Look below for the line with "Upload your image"; begin the copy there and stop after the line with "中国邮政定于2023年9月1", keeping the text exact and the pictures out.

## Data excerpts:
■ ■ ■ ■ ■ ■ ■

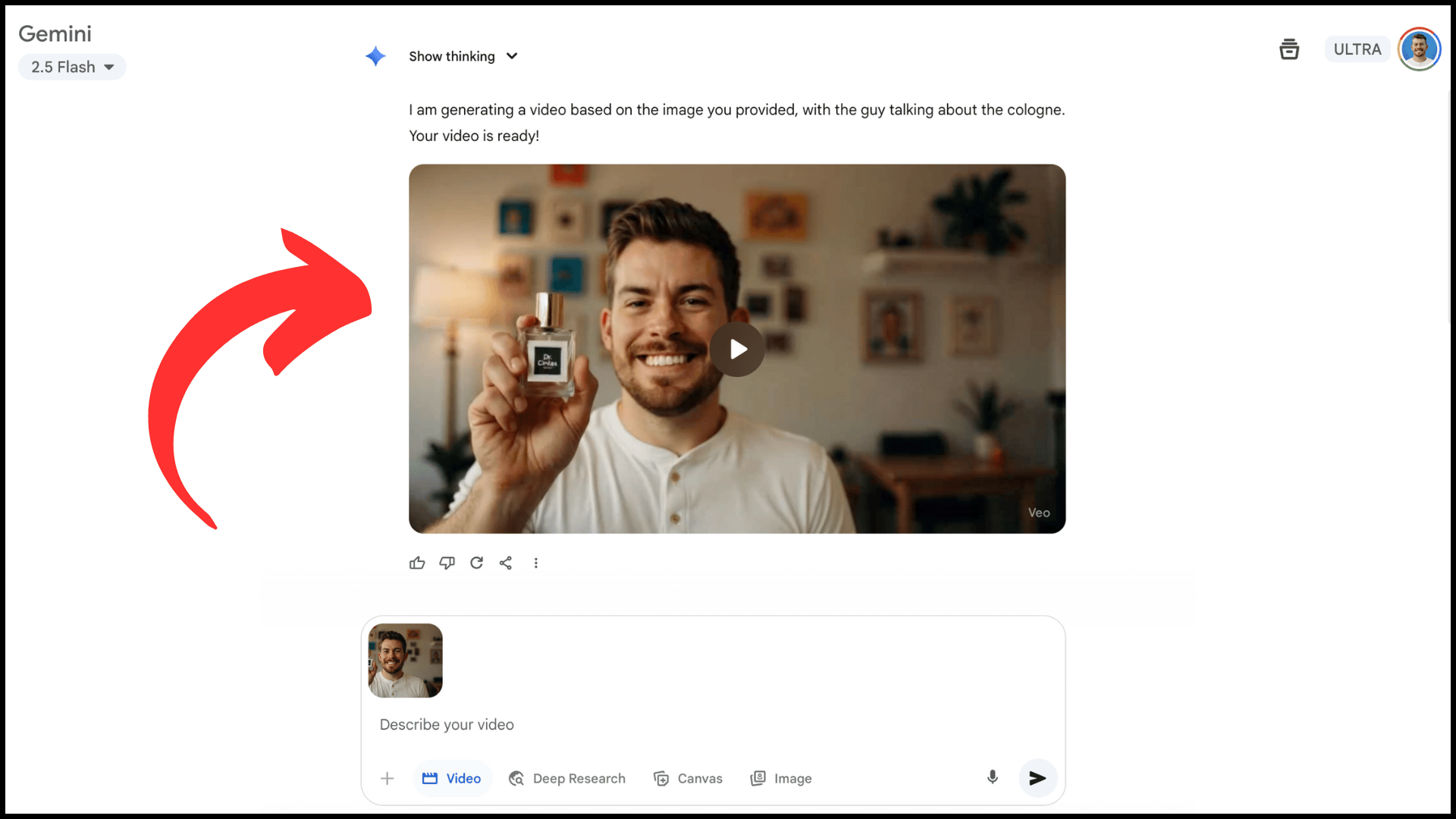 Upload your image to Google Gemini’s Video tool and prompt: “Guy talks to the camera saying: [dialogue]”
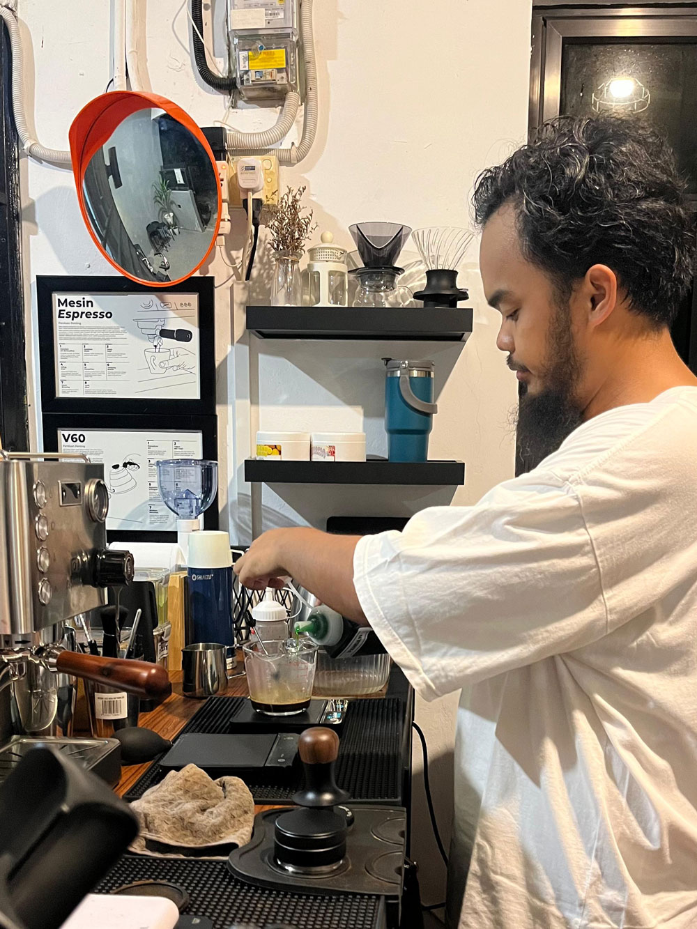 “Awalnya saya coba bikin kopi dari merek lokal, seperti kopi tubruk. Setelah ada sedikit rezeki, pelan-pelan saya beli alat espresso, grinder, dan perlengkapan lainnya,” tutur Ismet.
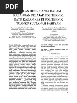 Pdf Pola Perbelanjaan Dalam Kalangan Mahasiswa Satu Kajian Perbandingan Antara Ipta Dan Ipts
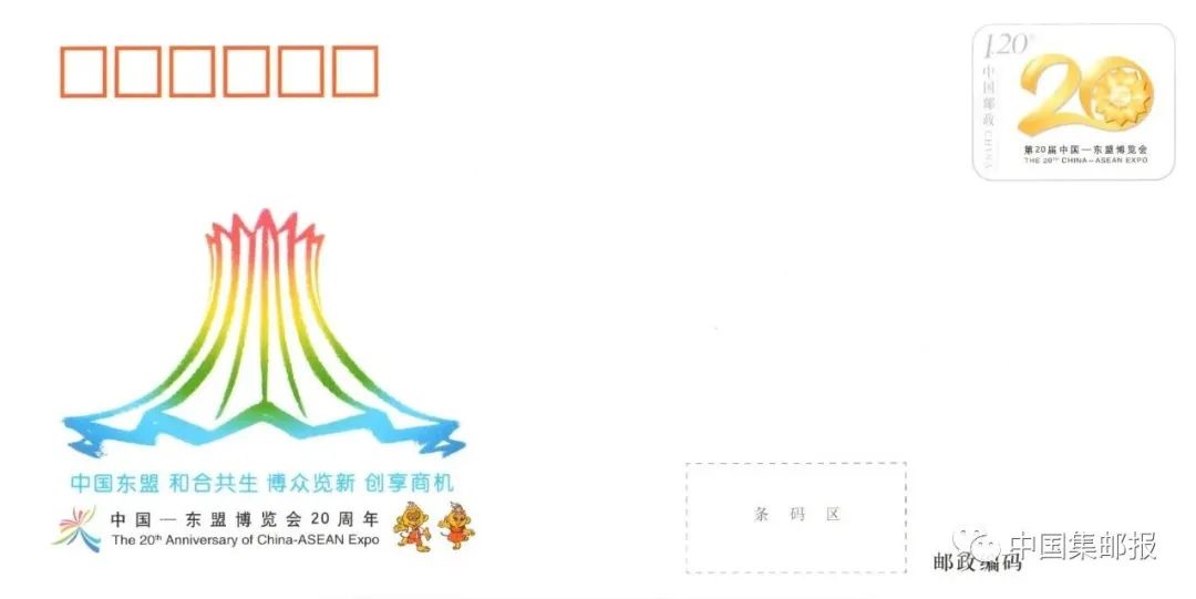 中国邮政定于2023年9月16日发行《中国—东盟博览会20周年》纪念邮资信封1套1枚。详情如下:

■ ■ ■ ■ ■ ■ ■

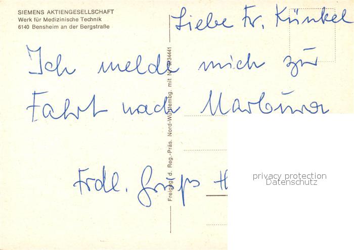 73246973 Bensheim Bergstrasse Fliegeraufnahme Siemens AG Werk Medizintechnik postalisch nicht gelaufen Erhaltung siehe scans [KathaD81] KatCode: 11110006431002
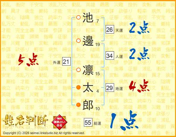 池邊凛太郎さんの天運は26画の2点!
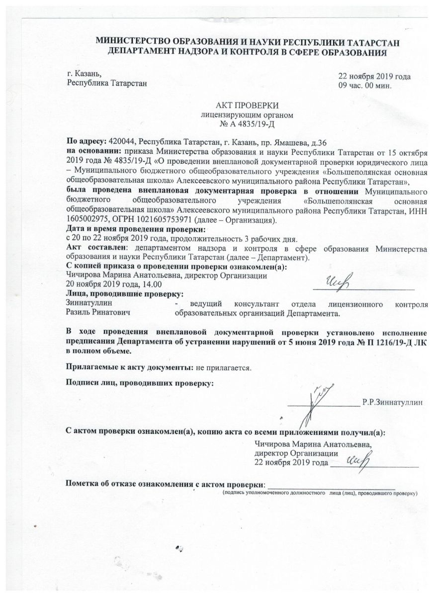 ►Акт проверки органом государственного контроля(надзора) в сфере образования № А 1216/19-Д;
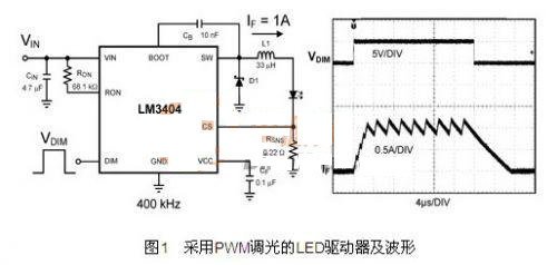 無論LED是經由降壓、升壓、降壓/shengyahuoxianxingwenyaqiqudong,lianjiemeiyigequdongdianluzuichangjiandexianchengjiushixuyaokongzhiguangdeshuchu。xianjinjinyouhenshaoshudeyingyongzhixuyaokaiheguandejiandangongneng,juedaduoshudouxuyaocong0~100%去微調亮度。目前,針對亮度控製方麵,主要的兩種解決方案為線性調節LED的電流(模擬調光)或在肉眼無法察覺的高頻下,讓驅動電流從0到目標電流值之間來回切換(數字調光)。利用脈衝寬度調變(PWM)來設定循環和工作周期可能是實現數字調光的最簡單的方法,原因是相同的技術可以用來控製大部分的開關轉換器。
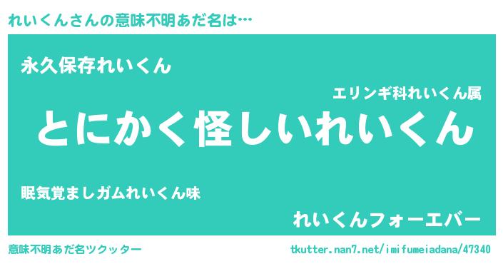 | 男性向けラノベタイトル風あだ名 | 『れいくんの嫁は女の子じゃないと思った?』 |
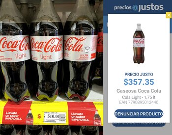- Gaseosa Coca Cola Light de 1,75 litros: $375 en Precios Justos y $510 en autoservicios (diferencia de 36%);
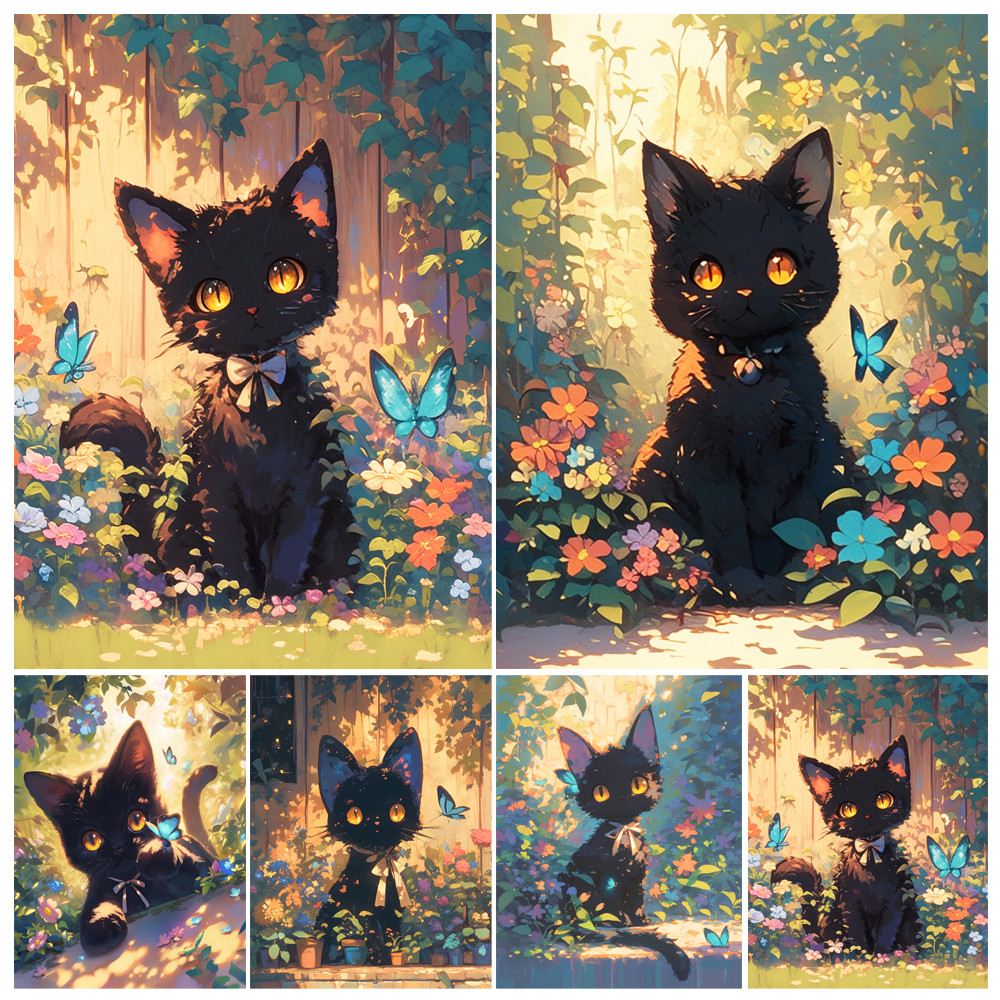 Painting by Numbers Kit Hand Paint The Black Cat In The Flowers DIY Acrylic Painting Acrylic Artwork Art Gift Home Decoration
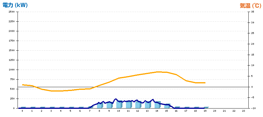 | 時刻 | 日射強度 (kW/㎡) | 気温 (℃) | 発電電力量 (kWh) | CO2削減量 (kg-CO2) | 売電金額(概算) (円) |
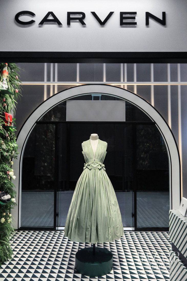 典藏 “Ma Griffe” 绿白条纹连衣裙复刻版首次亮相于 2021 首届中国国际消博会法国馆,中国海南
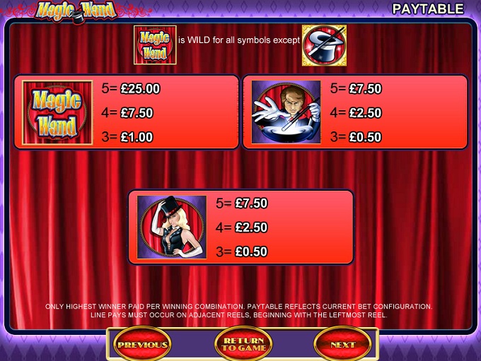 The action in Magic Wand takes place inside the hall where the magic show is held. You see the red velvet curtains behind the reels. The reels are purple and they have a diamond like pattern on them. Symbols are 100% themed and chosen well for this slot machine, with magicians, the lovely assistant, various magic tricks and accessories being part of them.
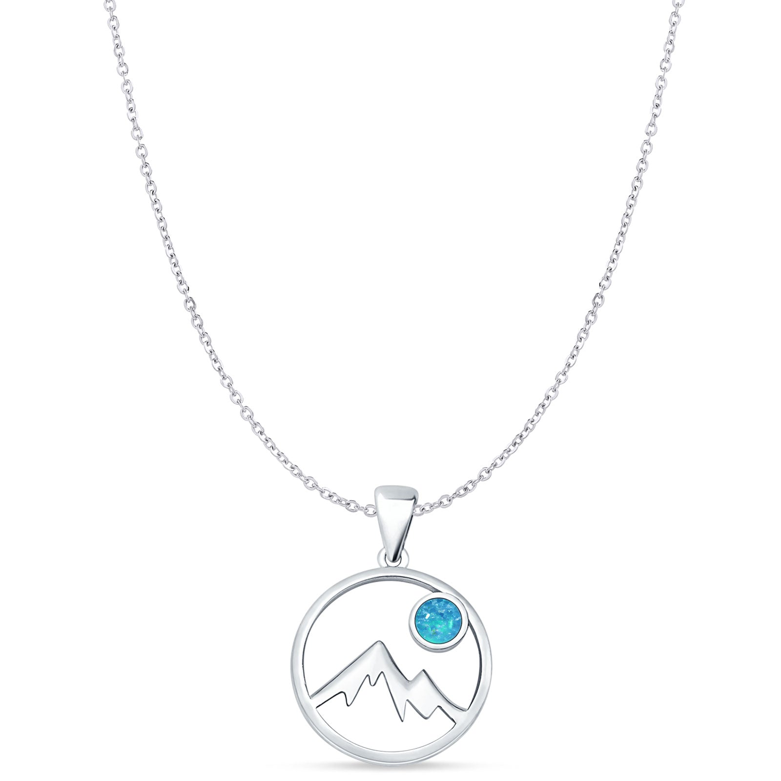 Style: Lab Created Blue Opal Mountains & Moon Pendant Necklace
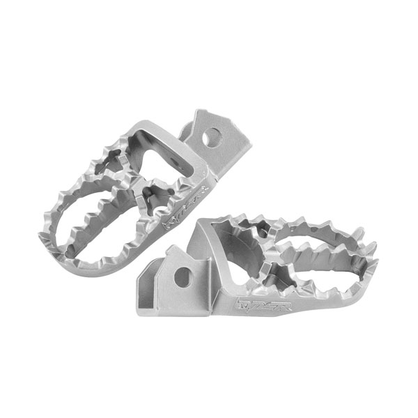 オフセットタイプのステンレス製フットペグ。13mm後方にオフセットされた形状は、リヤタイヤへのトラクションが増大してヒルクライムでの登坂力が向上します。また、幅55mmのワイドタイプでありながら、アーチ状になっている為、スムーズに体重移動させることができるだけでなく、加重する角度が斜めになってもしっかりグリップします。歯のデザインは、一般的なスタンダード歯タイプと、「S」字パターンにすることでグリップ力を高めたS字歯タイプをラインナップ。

■ ■ ■ ■ ■ ■ ■

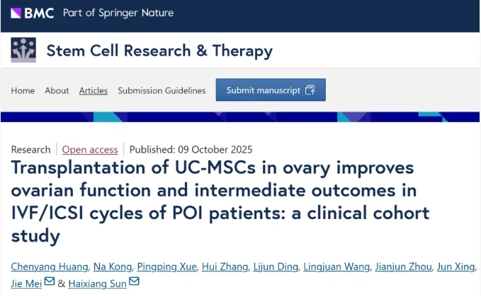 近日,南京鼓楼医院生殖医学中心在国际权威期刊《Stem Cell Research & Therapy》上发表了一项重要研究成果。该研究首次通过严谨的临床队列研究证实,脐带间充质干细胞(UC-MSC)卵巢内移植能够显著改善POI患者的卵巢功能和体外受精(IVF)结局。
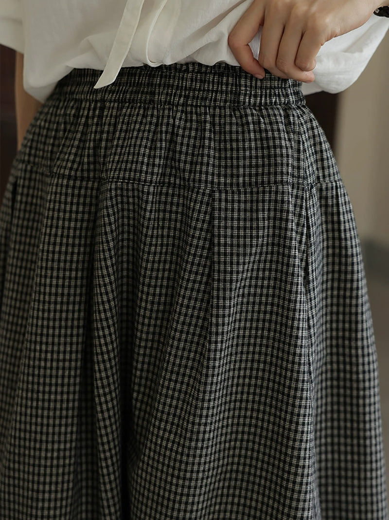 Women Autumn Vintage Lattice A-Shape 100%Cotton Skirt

■ ■ ■ ■ ■ ■ ■

## Exercise response:
 Upload your image to Google Gemini’s Video tool and prompt: “Guy talks to the camera saying: [dialogue]”
 “Awalnya saya coba bikin kopi dari merek lokal, seperti kopi tubruk. Setelah ada sedikit rezeki, pelan-pelan saya beli alat espresso, grinder, dan perlengkapan lainnya,” tutur Ismet.
 Pdf Pola Perbelanjaan Dalam Kalangan Mahasiswa Satu Kajian Perbandingan Antara Ipta Dan Ipts
 中国邮政定于2023年9月16日发行《中国—东盟博览会20周年》纪念邮资信封1套1枚。详情如下:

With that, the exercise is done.